As I understand it, the DHCP client broadcasts a request to the DHCP 
server and receives a response. There is an opportunity for the DHCP 
client to measure the delay, should it be so instrumented. In no way did 
I intend the DHCP server run NTP for any business but itself.

The discussion has left me a little uneasy about the specificy of the 
message formats to the current NTP implementation. Things like minpoll 
and maxpoll could be interpreted in context to protect the NTP servers, 
but in the DHCP environment that probably is not an issue. There is no 
real need to reveal broadcast mode servers. As long as the client knows 
the address mask, it can generate the broadcast address to listen on. It 
doesn't make sense to advertise symmetric modes, as these are usually 
reserved for serious low-stratum campus servers. This leaves only 
client/server mode as useful. However, the key ID is important, as the 
NTP client and server should share the same bag of keys and the client 
might not know the current server key ID.

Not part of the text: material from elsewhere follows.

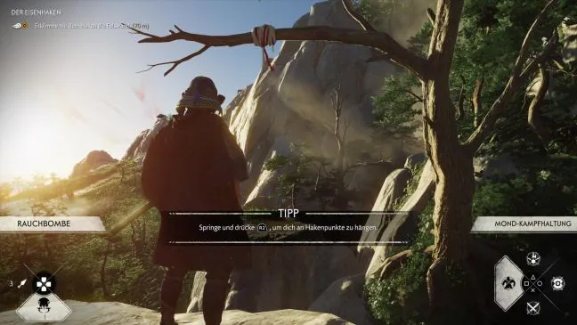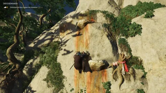 На месте изолируйтесь от своих союзников: Пока они едут прямо вверх по склону, идите по узкой тропинке слева от них. Она приведет вас к обрыву, где вам придется сойти с лошади. Теперь обратите внимание на ветку, торчащую из скалы перед вами: в середине к ней прикреплено что-то вроде красно-белой ткани. Теперь Вы сможете использовать эти точки зацепа благодаря железному крюку и перемахнуть на другую сторону обрыва.

Some perspective on the issues can be gained from our experience with 
other discovery schemes like broadcast, manycast and the pool. Broadcast 
provides the server address (for delay measurements), stratum and key 
ID. Manycast servers filter the client stratum and respond only if they 
can provide better time. They also provide the key ID. The pool scheme 
merely provides the server addresses. In all three schemes the client 
can filter the responses for acceptable stratum and then cast out the 
survivors from the population leaving only the best quality survivors. 
The DHCP discovery scheme needs only to provide comparable statistics. A 
client can use any combination of these schemes.

Dave

Danny Mayer wrote:

> Dave,
>
> I don't see how. The DHCP server and the NTP server are different nodes
> on the network, unless the DHCP server is going to provide the NTP
> service as well but that's a bad assumption to make even though the DHCP
> server SHOULD be running NTP, if only for itself.
>
> Danny
>
> David L. Mills wrote:
>
>> Brian,
>>
>> We need to think about scenarios for server discovery. Without prejudice
>> on the message formats, a virgin client might be directed to either:
>>
>> 1. Listen for broadcast/multicast on <address> and do/do not execute a
>> volley. I like the delay field to enable/disable that and have added it
>> to ntpd. In principle, the delay can be determined from the DHCP packets
>> themselves, a feature that might be added.